Узнав о маневре союзных войск и флота, он немедленно переводит все сухопутные силы с Северной стороны на Южную. А это сразу 11 флотских батальонов, 3 пехотных, артиллерия, в том числе морская. В тот же вечер 14 (26) сентября он собирает совещание высших воинских и флотских начальников гарнизона, на котором предлагает собственное распределение секторов обороны с назначением в каждом ответственного начальника. Получили назначение на свои посты и сектора вице-адмирал Новосильский, контр-адмиралы Юхарин и Вукотич. Контр-адмирал Истомин получил в подчинение Малахов курган и 3-й бастион – ключевую точку обороны, которую еще предстояло превратить в настоящую крепость. Предложение было принято без обсуждений, как и назначение подполковника Тотлебена главным распорядителем работ по скорейшему возведению укреплений на Южной стороне с представлением ему чрезвычайных полномочий. Тотлебену разрешалось привлекать для этого все имеющиеся запасы морского порта и адмиралтейства, доков, складов, арсеналов. С кораблей на позиции направлялось необходимое количество пушек, боеприпасов, пороха, защитных материалов. Весь личный состав флота, гарнизона, обыватели и арестанты должны были в две смены с утра до вечера и с вечера до утра работать над возведением укреплений. От 5 до 6 тысяч человек должны были сменять друг друга. Наконец, и это удивительно, все высшие начальники гарнизон единогласно принимают решение поставить во главе обороны Севастополя вице-адмирала, генерал-адъютанта Владимира Алексеевича Корнилова. Все решения совещания немедленно отправляются главнокомандующему Меншикову в только что развернутый штаб армии в Бельбеке. Меншиков также немедленно соглашается с решениями совещания и обещает в самое ближайшее время направить для укрепления гарнизона часть полевых войск с артиллерией.
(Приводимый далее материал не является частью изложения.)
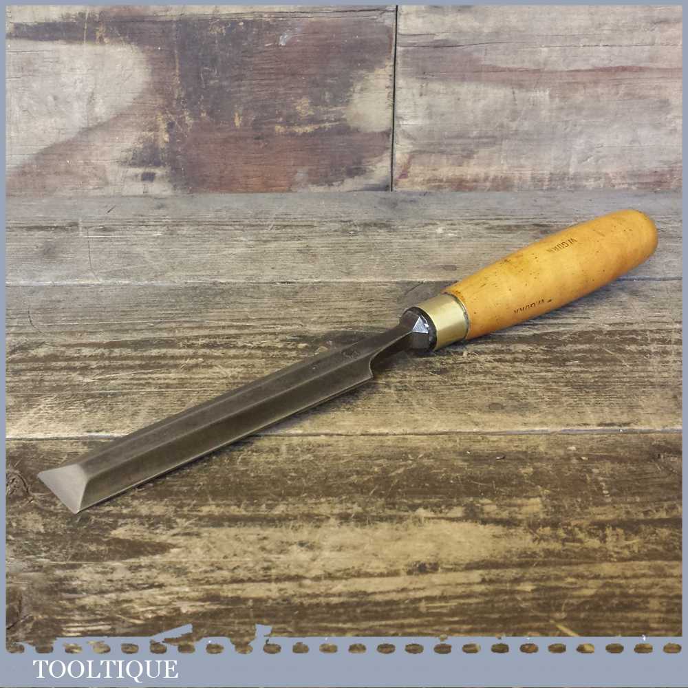 Vintage I Sorby (Mr Punch Brand) 1 ¼” wide bevel edge chisel with boxwood handle, it has been sharpened and honed ready for use. The chisel holds a keen edge and is constructed to a high standard with high carbon steel along the whole length. Very few manufacturers make tools to this standard nowadays and if they are, this would be reflected in the prices they charge. Note: All the chisels are water cooled during the sharpening process.
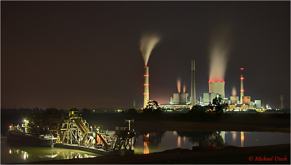 Die Sicht auf das Kraftwerk vom Deich aus, davor noch ein weiteres Auskiesungsbecken.
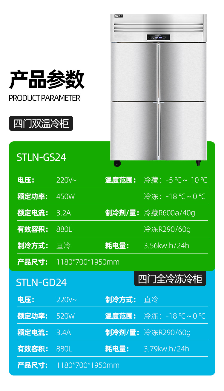 圣托(Shentop)不锈钢厨房冷藏柜商用 冷藏冷冻双温立式冷柜 四门冰柜商用大容量冰箱 STLN-GS24(单位:台) 不锈钢色
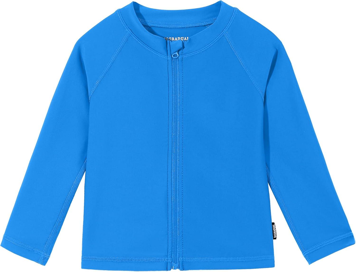 Boys Toddler Rash Guard Long Sleeve UPF 50+ Sun Protection Lightweight Swim Shirt for Baby Kids(Brilliant Blue)

На следующий день 15(27) сентября войска вышли согласно диспозиции на позиции, и Корнилов приказывает отслужить всем духовенством и личным составом крестный ход с хоругвями и молебном. «По распоряжению Корнилова духовенство с образами, хоругвями и крестами совершило крестный ход по Южной оборонительной линии, на всех дистанциях отслужены молебны. «Пусть прежде напомнят войскам слово Божие, – сказал Корнилов, – а потом я передам слово Царское». Удостоенный вполне заслуженно доверия монарха, счастливый супруг, отец многочисленного семейства, Корнилов готовился дать обет – пожертвовать жизнью во славу и защиту России. В блестящей генерал-адъютантской форме, окруженный многочисленной свитой, он объехал всю линию, приветствуя каждую часть войск, обращаясь к каждому батальону: «Ребята, – говорил он, – Царь надеется, что мы отстоим Севастополь, да и некуда отступать нам, позади нас море, впереди – неприятель. Князь Меншиков обошел его, и как только неприятель нас атакует, наша армия ударит на него с тыла. Помните же – не верьте отступлению. Тот изменник, кто протрубит ретираду!... И, если я сам прикажу отступать, коли меня!» «Ваше дело, – говорил он пехоте, – сначала строчить неприятеля из ружей, а если бы ему вздумалось забраться на батареи, то примите его по-русски, штыковая работа – вам знакомое дело!»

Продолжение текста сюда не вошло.